La Cour de justice de la République (CJR) a décidé de renvoyer en procès Éric Dupond-Moretti, mis en examen au cours du mois de juillet 2021 pour prises illégales d’intérêts. Les avocats du ministre de la Justice ont formé un pourvoi en cassation.
Accusé d’utiliser sa position de garde des Sceaux pour régler des contentieux personnels, l’ancien ténor du barreau Eric Dupont-Moretti est renvoyé devant la Cour de justice de la République.
Il s’agit d’une grande première : si depuis sa création en 1993, huit ministres et deux secrétaires d’État ont été renvoyés devant la CJR, aucun ne l’a été alors qu’il exerçait encore ses fonctions au gouvernement.
Le ministre de la Justice était convoqué à 9h devant la commission d’instruction de la CJR, seule habilitée à juger les membres du gouvernement pour des crimes ou délits commis dans l’exercice de leur mandat.
pourvoi en cassation
Les deux avocat d'Eric Dupond-Moretti ont indiqué avoir «immédiatement» formé un pourvoi en cassation.
Selon Me Rémi Lorrain, il appartient «désormais à l'assemblée plénière de la Cour de cassation de se saisir de ce dossier» avec une nouvelle décision sur l'ensemble de la procédure, «et de se prononcer notamment sur les nombreuses irrégularités qui ont émaillé ce dossier depuis deux ans».
Le pourvoi n'annule pas le renvoi, mais en suspend les effets. Selon une source proche du dossier interrogée par l'AFP, il n'est pas possible de dire à ce jour à quelle échéance la Cour de cassation rendra sa décision.
Deux dossiers sensibles
Dans le détail, des plaintes de syndicats de magistrats et de l’association anticorruption Anticor accusent le garde des Sceaux d’avoir profité de sa fonction pour ordonner une enquête administrative contre trois magistrats du Parquet national financier en septembre 2020.

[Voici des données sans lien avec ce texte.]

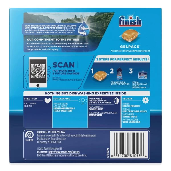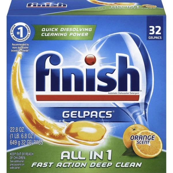 FINISH Dish Detergent Gelpacs, Orange Scent, Box of 32 Gelpacs, 8 Boxes/Carton – 100% concentrated gel that gives dishes a deep clean. Pre-Soakers burst into action to scrub away tough food residues like baked-on lasagna and dried-on oatmeal. Gelpacs are easy-to-use. The pre-measured pods have a refreshing orange scent that are safe for septic systems. Leave dishes and glasses sparkling clean.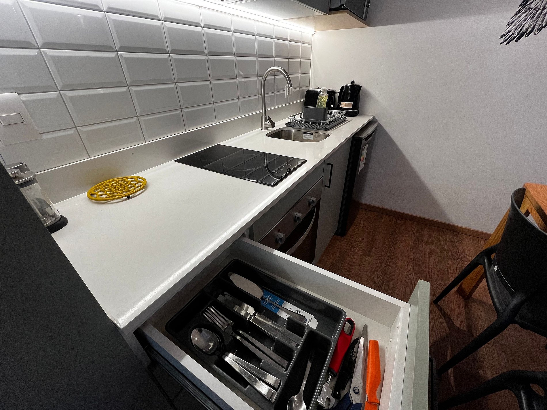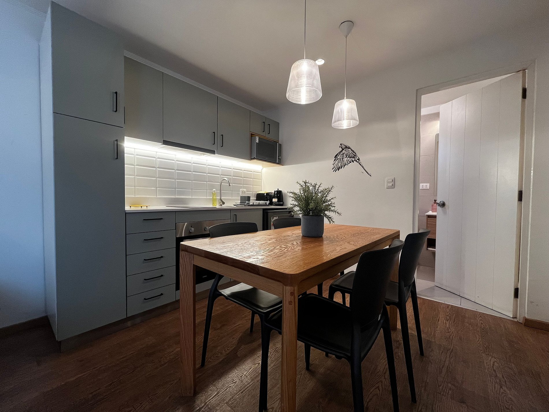 Providencia sector calles Condell y Salvador. Departamento de 1 ambiente, una cama doble y una cama individual, un baño con ducha , cocina full equipada, . El departamento forma parte del atractivo y elegante Edificio Living Terranova.

Ces derniers avaient fait éplucher ses factures téléphoniques détaillées quand il était encore avocat au barreau, dans le but de débusquer une éventuelle taupe qui aurait informé Nicolas Sarkozy qu’il était sur écoutes dans l’affaire de corruption dite «Paul Bismuth».
Éric Dupond-Moretti est également accusé d’avoir diligenté des poursuites administratives contre un ancien juge d’instruction détaché à Monaco, Edouard Levrault, qui avait mis en examen un de ses ex-clients.
Tout au long de l’enquête, Éric Dupond-Moretti a répété n’avoir fait que «suivre les recommandations de son administration». Un argument qui n’a pas convaincu le ministère public, qui a requis un procès contre le ministre. Le procureur général avait alors jugé qu’il existait des «charges suffisantes» à son encontre pour qu’il soit jugé.